Prendergast October 1898
Signed and inscribed on original backing: Venetian Palaces / on the / Grand Canal Maurice B.
Prendergast October 1898
Maurice Prendergast’s trip to Venice in 1898 was tremendously important to the artist, his career, and, in turn, to the genesis of modern American art. The Boston painter Hermann Dudley...
Maurice Prendergast’s trip to Venice in 1898 was tremendously important to the artist, his career, and, in turn, to the genesis of modern American art. The Boston painter Hermann Dudley Murphy (1867-1945) was a friend of Prendergast’s, and, despite belonging to a distinctly more conservative circle of art, Murphy championed both his friend’s work and northern Italy, hoping to make a match. In 1898, Prendergast moved to Winchester, Massachusetts, along with his brother Charles, to live in proximity of Murphy, and their friendship was close. The difference between the work of Murphy and of Maurice Prendergast encapsulates the critical juncture in art history. Murphy’s work was very much in the stamp of John Singer Sargent and other Boston-area painters of the late nineteenth-century. Prendergast was a practitioner of something that might be called Impressionism, but his tile-like application of patches of watercolor speaks to a distinctly modernist perspective. Murphy made a gift of two books to Prendergast that year: the first, a copy of the James Abbott McNeill Whistler memoir, The Gentle Art of Making Enemies (1890), demonstrated the milieu from which the artists sprang. The second pointed a way forward for Prendergast: Karl Baedeker’s 1895 guidebook, Handbook for Travelers: Northern Italy. Whistler’s own works from Venice would have been on view in Boston at the time, underscoring the desirability of Venice as an ideal artist destination. Sarah Choate Sears (1858-1935), the Boston-based patron of Sargent and Mary Cassatt, bankrolled the artist, likely with a $500 advance—she acquired five major pictures upon his return [Nancy Mowll Matthews, Prendergast in Italy (2009), p. 28]. By the end of June of that year, Prendergast’s passport was in order and he set sail soon thereafter.
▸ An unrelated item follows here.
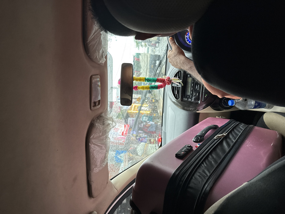 The image depicts an interior view from a passenger vehicle, looking forward through a rain-streaked windshield at a street scene in Dikwella, Sri Lanka. A male driver, visible from the back, is seated in the driver's seat, with his right hand gripping the steering wheel. The front passenger seat is occupied by a large, pink hardshell suitcase, which has a black trim, zippers, and a "TRIPP" brand combination lock; a black soft-sided bag rests on top of it. The suitcase is partially secured by a visible seatbelt. The vehicle's interior features a dashboard with a central infotainment system. A multi-colored garland, primarily yellow, green, and red, hangs from the rearview mirror. Both front sun visors are observed to be covered in clear plastic wrapping. A clear plastic water bottle with a blue cap is positioned in a cup holder near the central console. Outside the vehicle, the environment is a busy urban street with other vehicles, including a truck, and indistinct figures of pedestrians. Buildings lining the street are adorned with strings of yellow lights. The wet appearance of the windshield and the street indicates recent or ongoing rainfall. Utility poles and a distant blue sign are also visible.

“In so many of Prendergast’s Italian watercolors, abstract lines of composition are breathtaking in their power,” observes Matthews [p. 57]. She continues, citing the present work as an exemplar case of Prendergastian design:
They can take the form of a strong horizontal series of zones, as in Venetian Palaces on the Grand Canal…or the vertical lines of the two fondamente, or quays, opposite each other at either end of the Rialto Bridge…When compared with Sargent’s similar fragmentary view…we see how extreme Prendergast’s simplification and geometric abstraction were at a time when others were striving for the same thing. It is not surprising to see in his sketchbook…a series of phrases all featuring the word “Design,” as though he were casting about for a title for book he planned to write on the subject [Ibid., p. 60].
Indeed, the elements of abstract design, along with Prendergast’s trademark dappling of impressionist color, comes into its mature state with works such as Venetian Palaces on the Grand Canal. While he may have been succeeding at something his colleagues were merely attempting, Prendergast set himself apart with a unique voice that looked forward rather than backward.
Margaret M. Lovell, in a survey of American views of Venice, describes the present work:
Less symmetrical than the facades of San Marco, the clock tower, or the Doge's Palace in the other works in [Prendergast's Venetian watercolors], this group of palace fronts is leveled and regularized by the abrupt deletion of a fourth story from the largest and oldest building, the thirteenth-century Ca da Mosto. By establishing this even, flat skyline, Prendergast emphasizes and unifies his disparate subjects [Margaret M. Lovell, Venice: The American View, 1860-1920, p. 88].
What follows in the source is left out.